Bishop Abouna was born on March 23, 1943 in the village of Bedar, outside the northern Iraqi town of Zakho.  At the age of 14, he joined St Peter’s Seminary, then based in the northern city of Mosul, and was ordained a priest for the Chaldean Catholic Church on June 5, 1966.

He was a parish priest in the diocese of Basra in southern Iraq from 1967 and four years later he was appointed parish priest of St Joseph the Worker’s Church, Baghdad, where he served for 20 years.  In 1989 he became personal secretary to Chaldean Catholic leader Patriarch Raphael I Bidawid of Baghdad.

In the early 90’s Abouna was then assigned to the town of Ealing in West London to care for the Chaldean Catholic Mission in England.  For eleven years he served in England and on November 11th, 2002 he was elected and named the Auxiliary Bishop of Bahdad and returned back to Iraq for service.  Shortly thereafter, Pope John Paul II ordained the Bishop to the episcopate in Rome. 

During the fall of Saddam Hussein Iraqi Christians fell victim to extreme violence and were among the worst to suffer.  Bishop Abouna sought to help the Iraqi people with consistent calls for peace and personally helped victims providing food, shelter, and at times sanctuary.  In the face of insurgent activity the Bishop was often threatened and his work targeted for attacks, including bomb attacks on churches and threats of violence against both Christian and non-Christian Iraqi people.
 
Archbishop Louis Sako of Kirkuk said: “Bishop Abouna was a very good and humble man, very open-minded. He really took care of each one of his priests and he always worked for the unity of the Church. I hope he can pray for us from heaven.”

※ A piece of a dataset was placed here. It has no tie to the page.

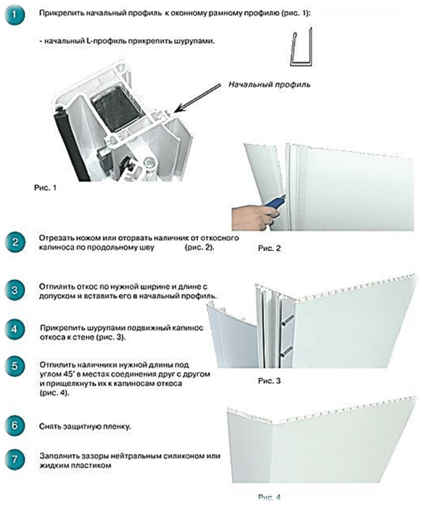 После установки верхней планки устанавливаются боковые планки с применением той же технологии. Последним этапом является герметизация швов (стыков) в углах откосов. Для этого применяют специализированные герметики.
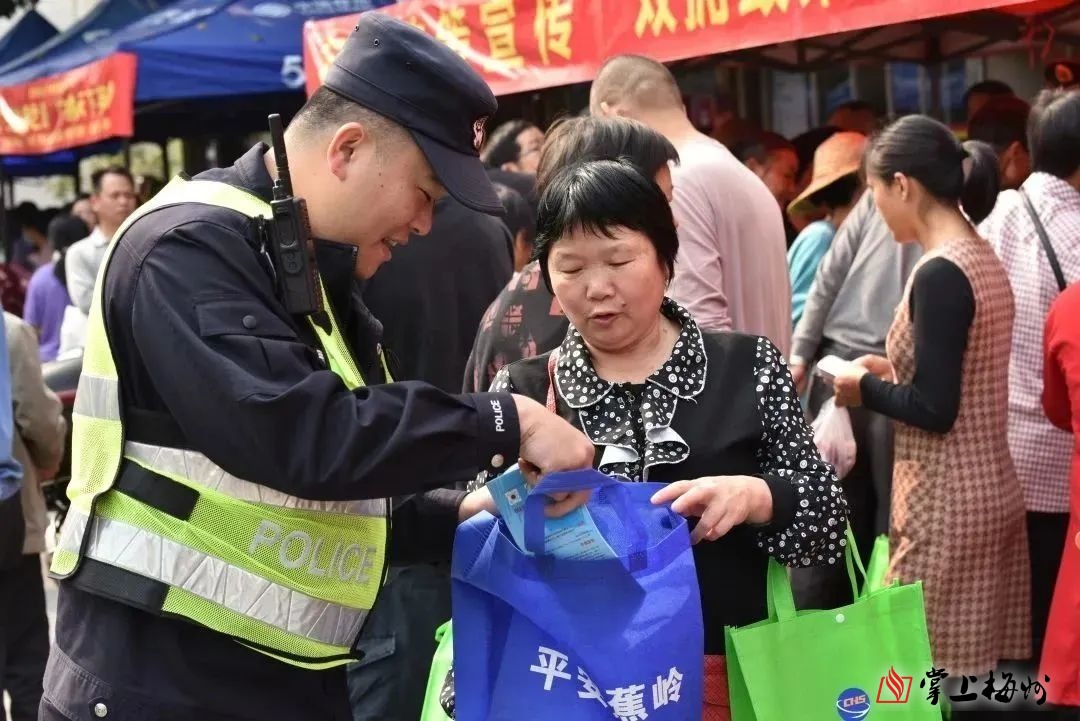 蕉岭公安向广大村民、市民和游客开展法律、反诈防骗知识等宣传。(蕉岭公安供图)

Known as the keeper of Iraq’s past and caretaker of Iraq’s Christian future the Bishop had great concern for the priests and seminarians he was in charge of guiding.  Bishop Abouna’s led the effort to relocate St Peter’s Seminary away from Baghdad where the situation had become dangerous and dire.  The college housed centuries upon centuries of Iraqi history, reaching as far back as to the days of the Old Testament and were at immediate risk of being lost forever. 

Weeks prior to his passing flowers in the garden of Christian faith in Iraq were blooming.   Chaldean archbishop of Kirkuk, Msgr. Louis Sako, describes the ordination of two new priests held on July 16, in the cathedral of his diocese. It can be said that July saw a real flowering of priestly ordinations which have infused new life into the Christian community, prostrated by continuing sectarian violence and the political instability that plagues Iraq.

Together with the two priests, four permanent deacons were ordained today. Before them, on July 9, it was the turn of another priest consecrated July 9 in Dohok, in the north, while a fourth priest will be ordained on July 23 in Karamless in the diocese of Mosul. Even the Syro-Catholic Church of Bartella and Karakosh were gifted with new priests this month.

"It 's a sign of vitality and hope to see these young people consecrated to the Lord and to the service of their brothers living in great suffering, in this time of tribulation and darkness," said Msgr. Sako.

The mass celebrated by Msgr. Sako, was attended by many faithful, united in prayer and joy, "so that these new priests may bring the message of God who is love and peace to all without distinction" the prelate said. In his homily, the Archbishop reminded the new priests to live the gift of God as Mary did, as a personal relationship that changed her life: "Like Her, we must 'keep all these things, reflecting on them in our heart' (Lk 2 19:51). Prayer is a true shield of protection, provided that it is done in humility. Mary said, 'I am the handmaid of the Lord', we too are servants of the Lord. Prayer is the distinctive characteristic that allows people to see Christ in our apostolate".

Husam Hamammi says, “We mourn the passing of an Iraqi champion of Christian faith who taught us that true Christians are called to serve the needs of others.  He has now gone to heaven to look over all of us.  He was at peace.  Seeing new priests and deacons being ordained gave him great rest and hope for Iraq.”